I happened to have a conversation with luthier Steve Klein the following week. Klein doesn’t make flamenco guitars—or conventional guitars of any kind, for that matter. Still, he’s a smart, articulate luthier and a brilliant designer with years of guitar making experience behind him, so I mentioned the two conversations I’d already had about my guitar’s spectacular lack of tonal balance. I thought that Steve might have a useful perspective on my problem; after all, bass is bass and treble is treble and a guitar is a guitar, right?
Steve’s opinion, diplomatically rendered after I described my situation to him, was that my bridge design was faulty. In Steve’s opinion, I could improve the sound of my guitar in the desired direction by replacing the bridge with either a lighter or a heavier one—I forget which now, since so much time has passed since this conversation happened. I thanked Steve for his input.
Despite all this advice and support from some of the more prominent of my professional colleagues, I was not yet quite fully enlightened. The thought of hacking wood away from my guitar—or gluing wood on—here and there, hoping to strike gold through luck as much as skill, didn’t have much appeal for me. And, suppose I managed to destroy the bass response without improving the treble? Or even (God forbid) even improve the bass?! But the problem still faced me and I still needed to get at least some clarity on this matter. Understandably, however, I found myself a bit reluctant to ask for input from anyone else.
Right about that time I visited nearby-based luthier Randy Angella’s new workshop; Angella had been making lovely and really good sounding classical guitars for years, and I thought I might get some ideas from him. But I wasn’t going to ask directly: I’d tried that tactic and it had been leading nowhere. I was going to sneak around and try to get a hint from whatever methods he was using.
Randy is a very nice man and is able to share freely of his knowledge and techniques. He was at the time tapering his guitar tops’ perimeters along their entire perimeters, including the edge along the lower transverse harmonic bar (and leaving them full thickness on the other side of that brace, in the soundhole area). I took note of this.
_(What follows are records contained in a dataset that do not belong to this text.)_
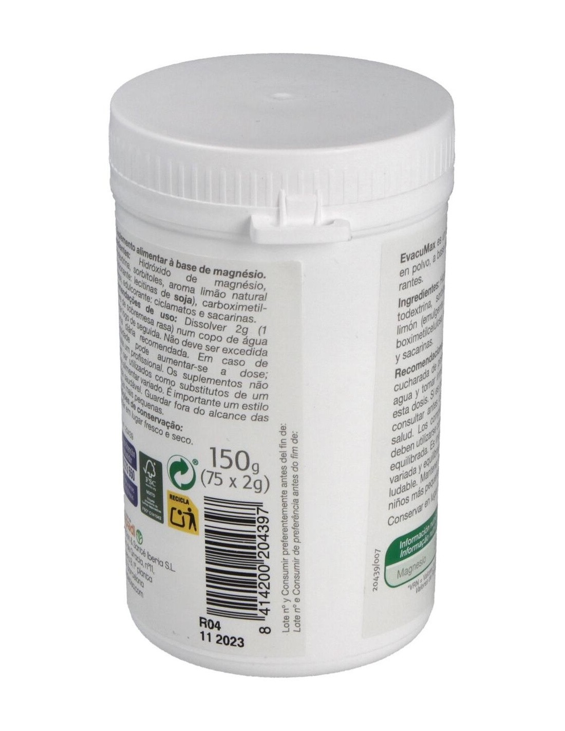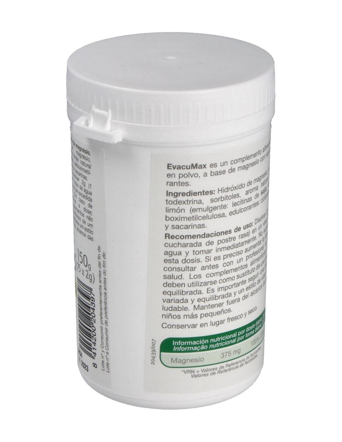 Suplemento en polvo, a base de magnesio, el cual contribuye a una normal función digestiva y puede favorecer la evacuación.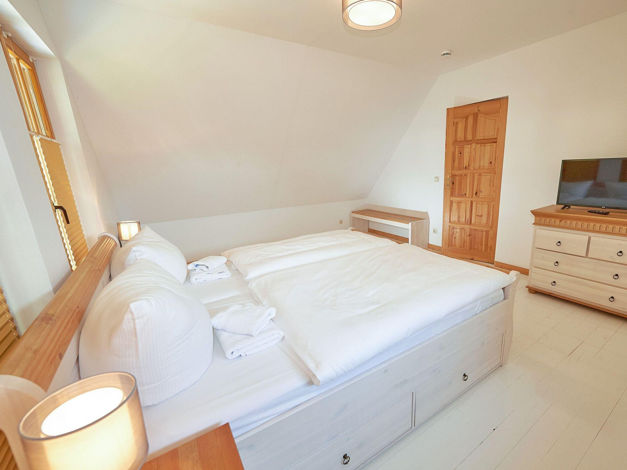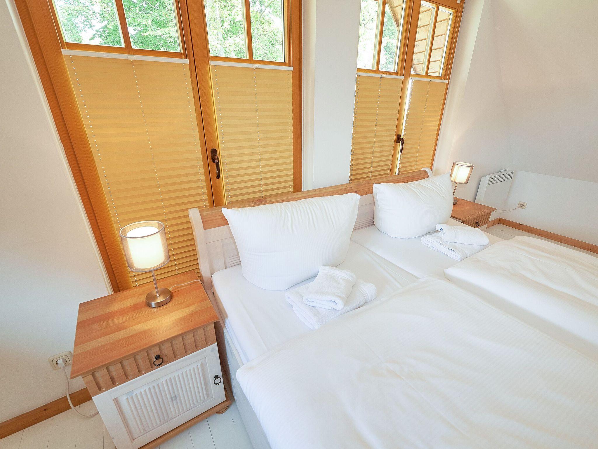 Die zwei Schlafzimmer befinden sich im Obergeschoss. Das erste Schlafzimmer ist mit einem herrlich bequemen Doppelbett und zusätzlichen Flachbild-TV ausgestattet, das zweite mit zwei Einzelbetten sowie genügend Stauraum für Ihre Garderobe.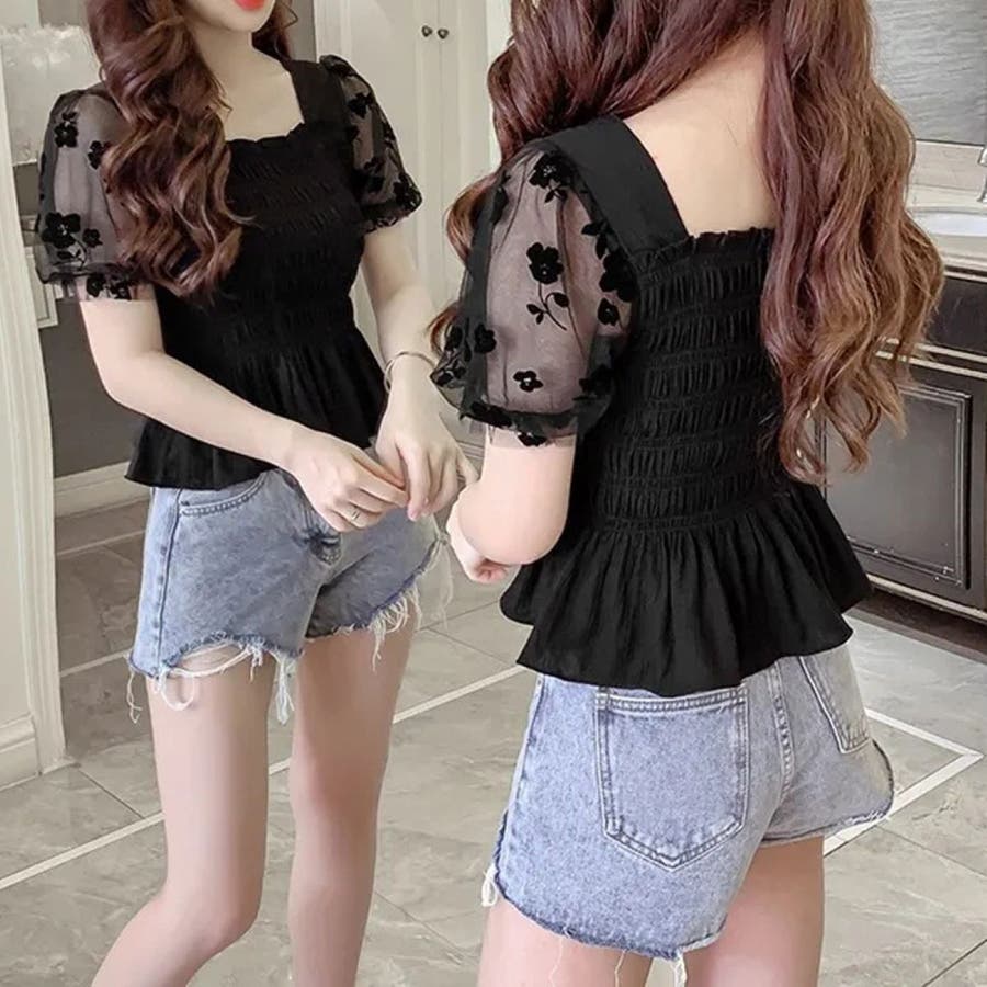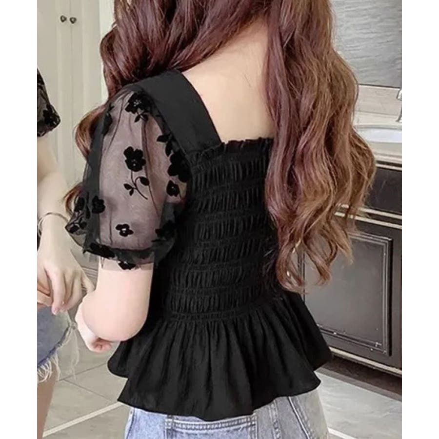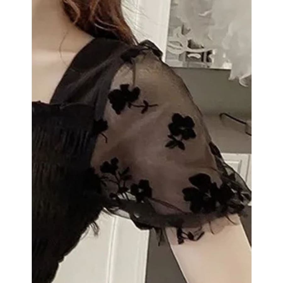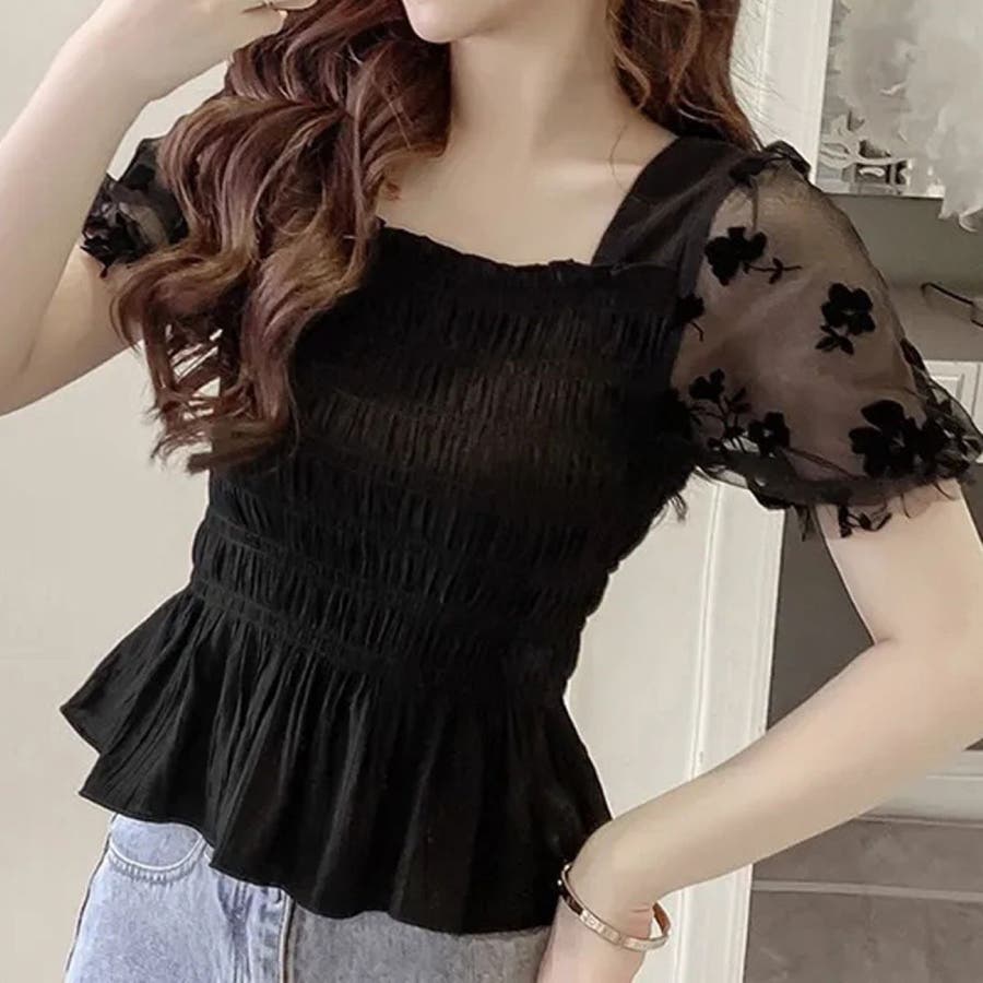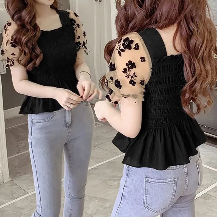 花柄シフォンの袖がかわいいシャーリングトップス

Unfortunately, as the wisdom I’d received to that point in time indicated that thinning the perimeter of a guitar face would loosen it by facilitating its “hinge” movement, and thus help the bass, I couldn’t see that going in this direction was going to be of any help to me. I already had too much bass, and maybe I should have asked something specific about Randy’s thinking.
I reviewed my options again. I could jump in and shave some braces. I could sand the top thinner. In both cases I’d simply need to figure out where and how much. I might have luck with higher tension strings; but they might make the guitar sound even more robust. Or lower tension strings: they’d give me a more delicate sound, surely. I could install a longer fretboard and scale; or a shorter one; this would be more or less the equivalent of experimenting with string gauges. I might dump the project and retop the guitar. Then too, I could also just eat compulsively and quietly leave town. Yes, I still had lots of options.
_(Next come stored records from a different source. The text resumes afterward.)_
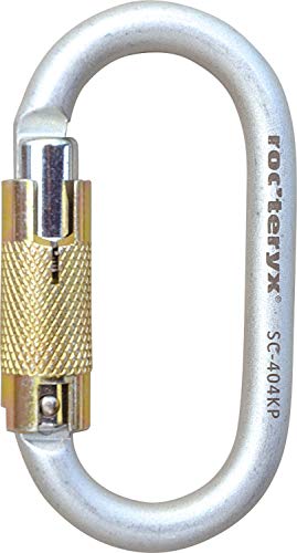 始めにご紹介するのが、オーバル型のカラビナです。3段階手動オープンで、強度が25kNとなっています。シルバーの本体にゴールドのネジが美しいカラビナです。ロックテリクスのカラビナはゲートが正常に機能するのかを一つ一つチェックしているので、その点でも安心して使っていただけます。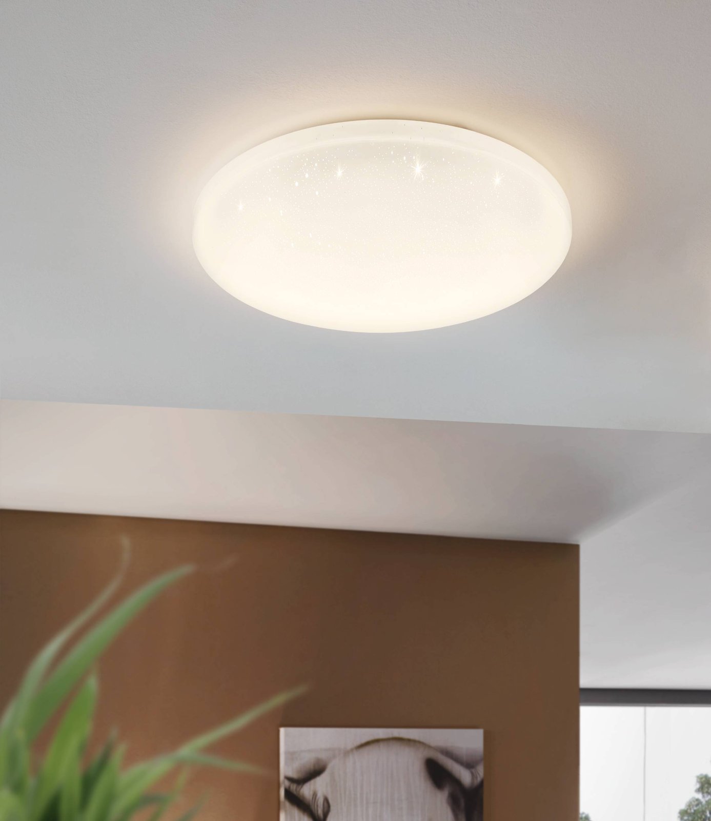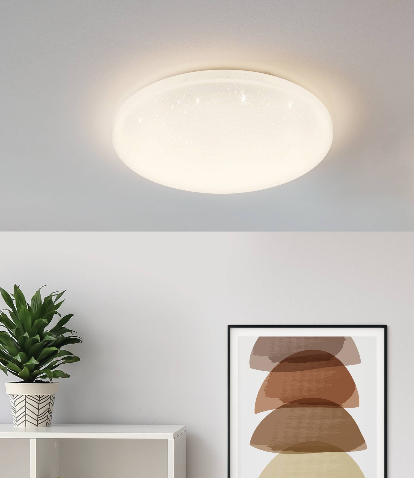 Moderne Deckenleuchten mit der Möglichkeit, diese auch an der Wand zu platzieren. Sie bestehen aus Stahl und Kunststoff in weißer Farbe mit Glitzereffekt. Dadurch eignen sie sich nicht nur für das Wohn- und Schlafzimmer, sondern auch für das Kinderzimmer oder den Flur. Diese Lampen strahlen in einem warmweißen Farbton und sind nicht dimmbar.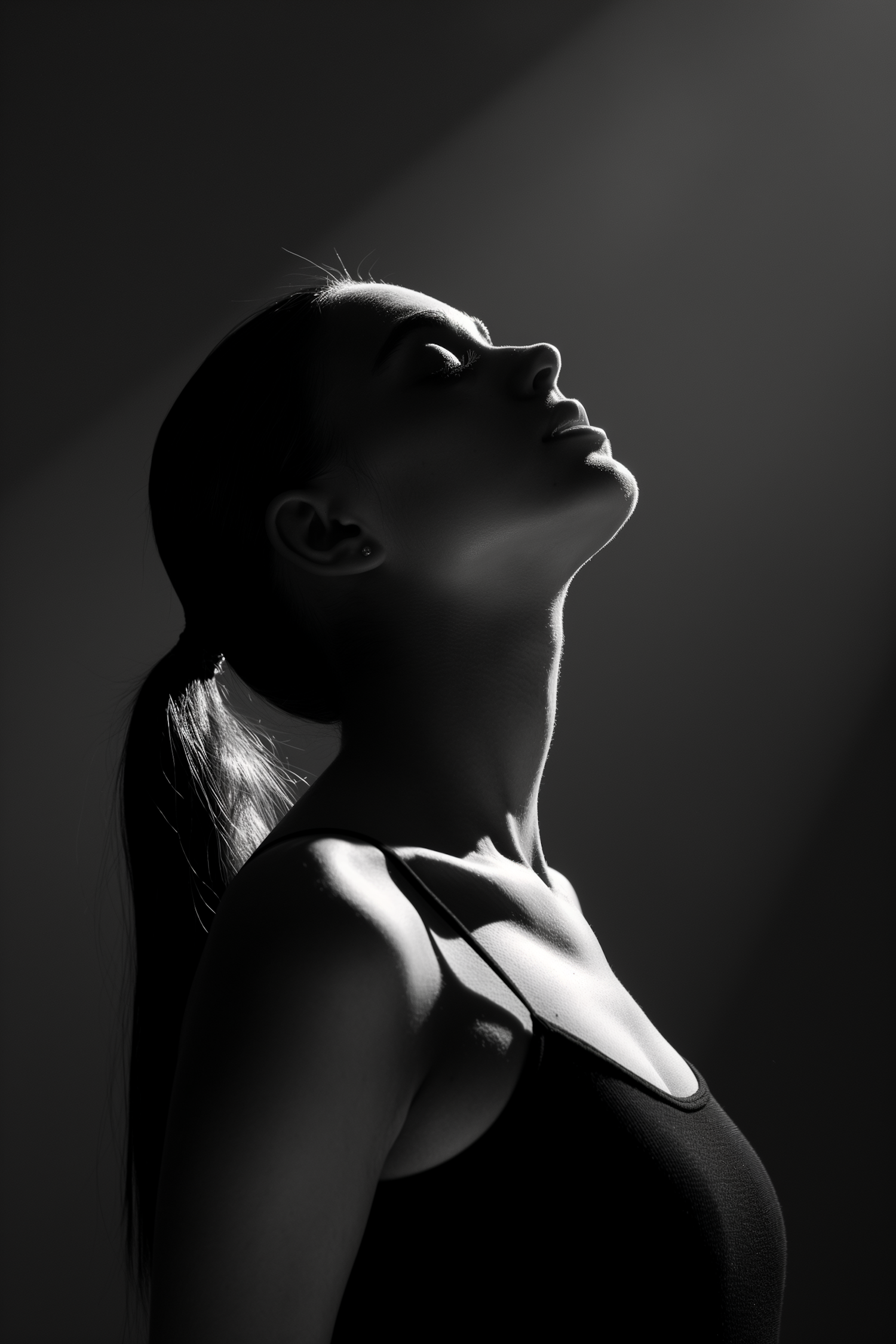 Dramatic black-and-white portrait of a woman in profile, with sleek hair and striking lighting highlighting her features.

I’d begun to get to know luthier Eugene Clark at about that time. Eugene is almost legendary as a Spanish guitar maker and I had been hearing about him for years; and he had recently moved to a place about fifteen minutes away from me. After having made on-again/off-again plans to get together for some time, he and I finally met over dinner at a local restaurant. Not surprisingly, the subject of my problematic guitar came up. Over coffee and dessert I described my problematic situation, and Eugene in turn explained his concept of the Spanish guitar to me. In a nutshell: it is a thin film or membrane of lightly braced wood that is stretched over a spare framework of massive main braces that (1) strictly delineate its vibrating areas, and simultaneously (2) set the resonances of these areas by virtue of the level of introduced rigidity.
As far as the guitar’s face is concerned, Eugene’s idea of the most effective design is to have a thin, domed plate of topwood held up by a rigid perimeter and by rather substantial upper and lower transverse braces (i.e., the ones that straddle the soundhole), which are moreover fully anchored into the sides. That is, these braces aren’t scalloped at the ends as one normally finds in Spanish guitars: that weakens their attachment to the main structure, and hence their stiffening/load-bearing capacity. In Eugene’s guitars these are full height throughout, and then held in place on each end with a bracket. All of this, plus the sides, makes for a rigid frame for the thin top to hang onto.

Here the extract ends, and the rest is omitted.